An infamous cross-platform crypto-mining malware has continued to refine and improve upon its techniques to strike both Windows and Linux operating systems by setting its sights on older vulnerabilities, while simultaneously latching on to a variety of spreading mechanisms to maximize the effectiveness of its campaigns.

"LemonDuck, an actively updated and robust malware that's primarily known for its botnet and cryptocurrency mining objectives, followed the same trajectory when it adopted more sophisticated behavior and escalated its operations," Microsoft said in a technical write-up published last week. "Today, beyond using resources for its traditional bot and mining activities, LemonDuck steals credentials, removes security controls, spreads via emails, moves laterally, and ultimately drops more tools for human-operated activity."

Cybersecurity

The malware is notorious for its ability to propagate rapidly across an infected network to facilitate information theft and turn the machines into cryptocurrency mining bots by diverting their computing resources to illegally mine cryptocurrency. Notably, LemonDuck acts as a loader for follow-on attacks that involve credential theft and the installation of next-stage implants that could act as a gateway to a variety of malicious threats, including ransomware.

LemonDuck's activities were first spotted in China in May 2019, before it began adopting COVID-19-themed lures in email attacks in 2020 and even the recently addressed "ProxyLogon" Exchange Server flaws to gain access to unpatched systems. Another tactic of note is its ability to erase "other attackers from a compromised device by getting rid of competing malware and preventing any new infections by patching the same vulnerabilities it used to gain access."

Attacks incorporating LemonDuck malware have been primarily focused on the manufacturing and IoT sectors, with the U.S, Russia, China, Germany, the U.K., India, Korea, Canada, France, and Vietnam witnessing the most encounters.
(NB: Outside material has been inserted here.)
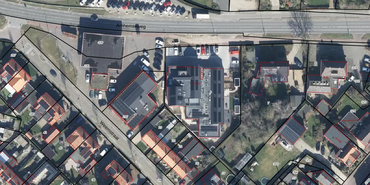 Arnhemseweg 11-n is gelegen op kadastraal perceel BER02H8. Deze kadastrale aanduiding is uniek en wordt gebruikt door het Kadaster om eigendomsrechten en andere zakelijke rechten vast te leggen. Het perceel maakt onderdeel uit van de kadastrale gemeente Bergh.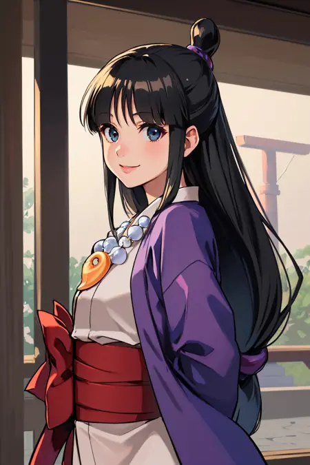 Classic: maya fey, half updo, hair ornament, japanese clothes, kimono, sash, necklace, magatama

Additionally, Microsoft outed the operations of a second entity that relies on LemonDuck for achieving "separate goals", which the company codenamed "LemonCat." The attack infrastructure associated with the "Cat" variant is said to have emerged in January 2021, ultimately leading to its use in attacks exploiting vulnerabilities targeting Microsoft Exchange Server. Subsequent intrusions taking advantage of the Cat domains resulted in backdoor installation, credential, and data theft, and malware delivery, often a Windows trojan called Ramnit.

Cybersecurity

"The fact that the Cat infrastructure is used for more dangerous campaigns does not deprioritize malware infections from the Duck infrastructure," Microsoft said. "Instead, this intelligence adds important context for understanding this threat: the same set of tools, access, and methods can be re-used at dynamic intervals, to greater impact."

Update: In a deep dive on the attacker behavior post infection, Microsoft on Thursday disclosed LemonDuck's propagation tactics, counting edge-initiated compromises and bot-driven email campaigns, noting that it banks on fileless malware techniques to make remediation and removal non-trivial.

"LemonDuck attempts to automatically disable Microsoft Defender for Endpoint real-time monitoring and adds whole disk drives – specifically the C:\ drive – to the Microsoft Defender exclusion list," Microsoft 365 Defender Threat Intelligence Team said, mirroring a tactic that was recently disclosed as adopted by a new malware strain dubbed "MosaicLoader" to thwart antivirus scanning.

The attack chain is also said to leverage a wide range of freely available open-source and custom toolsets to facilitate credential theft, lateral movement, privilege escalation, and even erase traces of all other botnets, miners, and competitor malware from the compromised device, while downloading an XMRig miner implant as part of its monetization mechanism.